Gelman, A., J. Carlin, H. Stern, D. Dunson, A. Vehtari and D. Rubin. 2014. Bayesian Data Analysis, 3rd Edition. CRC Press. New York.

Johnson, N.L., Kotz, S., and Balakrishnan, N. 1997. Discrete multivariate distributions. Wiley & Sons, New York.

Lee. E., T. Dann, and H. Hoyt. 2021. Yukon River Chinook Genetic Baseline Improvements. Yukon River Panel Restoration and Enhancement Fund Final Report, URE-163-19N.

Moran, B.M. and E.C. Anderson. 2018. Bayesian inference from the conditional genetic stock identification model. Canadian Journal of Fisheries and Aquatic Sciences. 76(4):551-560. https://doi.org/10.1139/cjfas-2018-0016

Pella, J. and M. Masuda. 2001. Bayesian methods for analysis of stock mixtures from genetic characters. Fish. Bull. 99:151–167.

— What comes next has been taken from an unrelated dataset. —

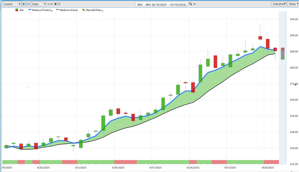 Uh IBM here. So a very uh uh uh you know longly traded stock here. Blue line crossing above the black line. Couple these instances where the neural index goes bearish, but again a lot of strength here uh in the overall forecast.
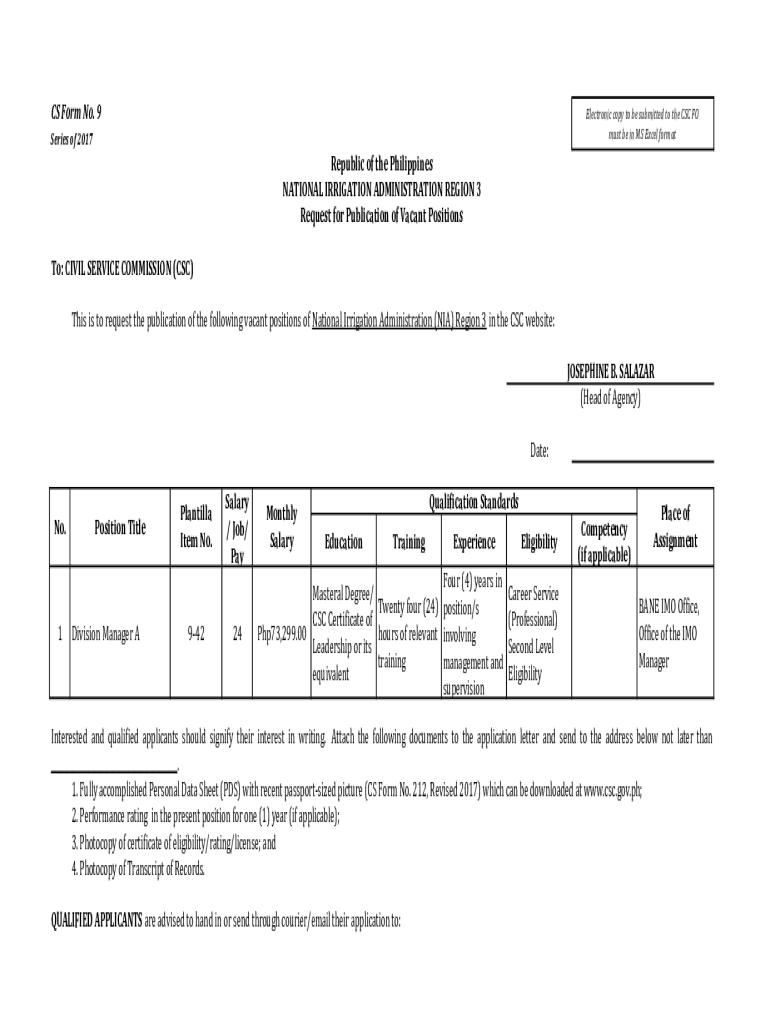 CS Form No. 9Electronic copy to be submitted to the CSC FO must be in MS Excel formatters of 2017Republic of the Philippines NATIONAL IRRIGATION ADMINISTRATION REGION 3 Request for Publication of

Robert, C. and G. Casella. 2010. Introducing Monte Carlo Methods with R. Springer. New York.

Templin, W. D., J. E. Seeb, J. R. Jasper, A. W. Barclay, L. W. Seeb. 2011. Genetic differentiation of Alaska Chinook salmon: the missing link for migratory studies. Mol Ecol Resour. 11(Suppl 1):226-246. doi:10.1111/j.1755-0998.2010.02968.x.